Being an Unpublished Reminiscence of Dr John H. Watson. March 1888.
Mr Sherlock Holmes once spent three days searching for a man who had never been born.
I write the sentence now with some uneasiness, for it has the sound of those sensational romances which my friend so heartily despised. Yet the affair was real enough in its consequences. A clerk vanished. Blood was found. Three departments of Her Majesty's Government were thrown into private alarm. A foreign agent was taken at Dover. My own notes were afterwards locked away for more than twenty years under an instruction which Holmes delivered to me in the gravest tone I ever heard from him.

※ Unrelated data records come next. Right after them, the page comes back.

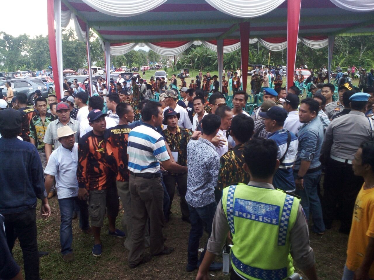 Sementara dibawah panggung kursi yang sebelumnya tempat duduk tim pemenagan beberapa terlempar keatas. Antara tim pemenangan mulai memanas, kejadian diredam oleh aparat keamanan Polisi dan TNI dilokasi.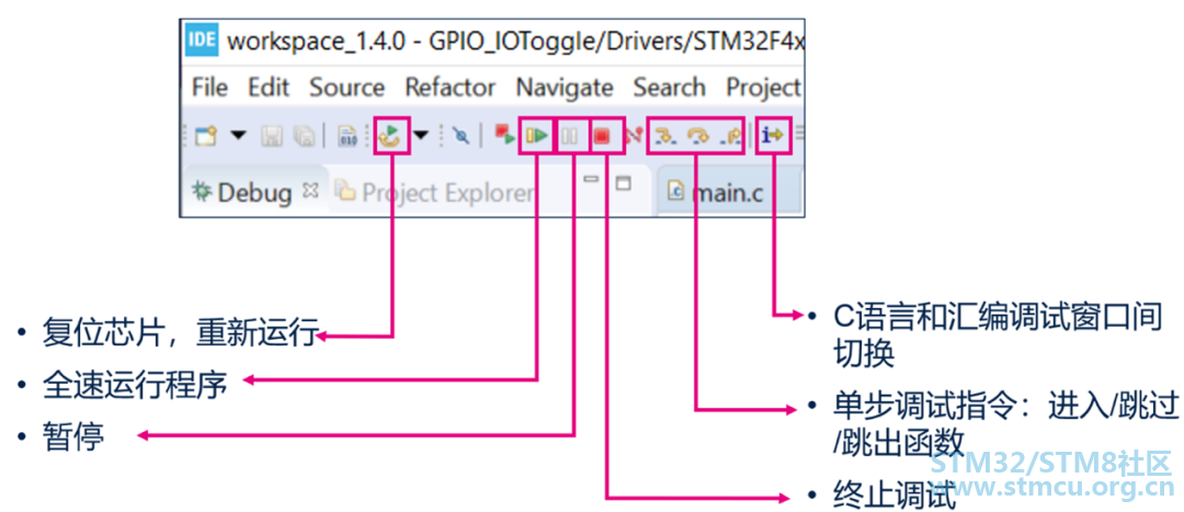 调试相关按钮和菜单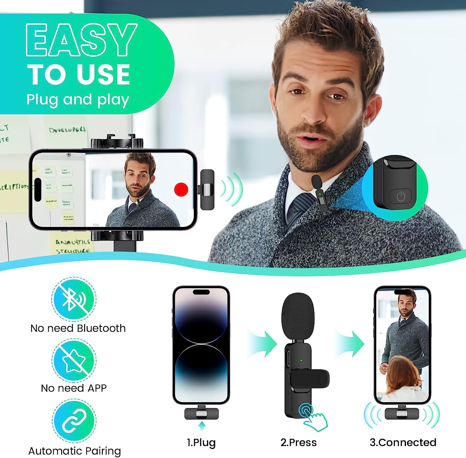 • Applications: This innovative dual wireless lavalier microphone is compatible with IOS smartphones, iPad, etc. The handheld microphone is suitable for blogging, interviewing, live streaming, blogging, podcasting, YouTube, Instagram, TikTok, online video tutorials and singing recording. Ideal for bloggers, journalists, Mukbang, fitness instructors, teachers and office workers. Bluetooth microphone for Apple phones, the clip-on microphone is very lightweight and easy to carry.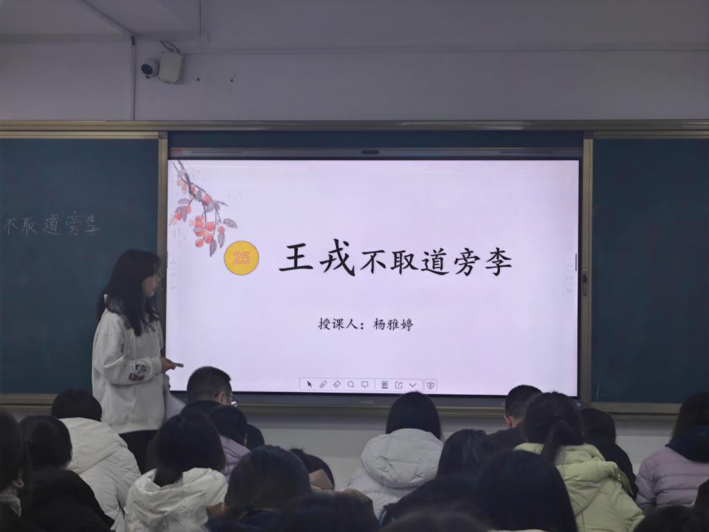 22级小教二班的杨雅婷同学将实习心得总结为“勤听课、听好课、精备课”。她带来的文言文示范课《王戎不取道旁李》,通过情境朗读、角色互动与开放性提问,营造出温暖而富有思辨的课堂氛围,体现了语文教学中的情感浸润与思维激发。

"Not while Mycroft lives, Watson. Not one word."
That alone would have ensured my silence. Mycroft Holmes was not a man whom prudent citizens discussed at breakfast.
The case occurred in March of 1888, during a week in which London seemed less a city than the rumour of one—a yellow fog pressed against the windows of Baker Street. The lamps burned at noon. The tread of passing horses came muffled through the vapour as though from another world. Holmes had been two days without a case, which is to say that our sitting-room had become uninhabitable. He had scarred the mantelpiece with acid, fired a pistol-ball into the wall in pursuit of some Eastern monogram, and produced upon the violin a series of lamentations which had driven Mrs Hudson to threaten resignation.
Then the bell rang below.
Holmes stopped playing.
"A messenger," said he. "Government issue. He has run up the steps and is now deciding whether to give his name to Mrs Hudson or insist upon mine."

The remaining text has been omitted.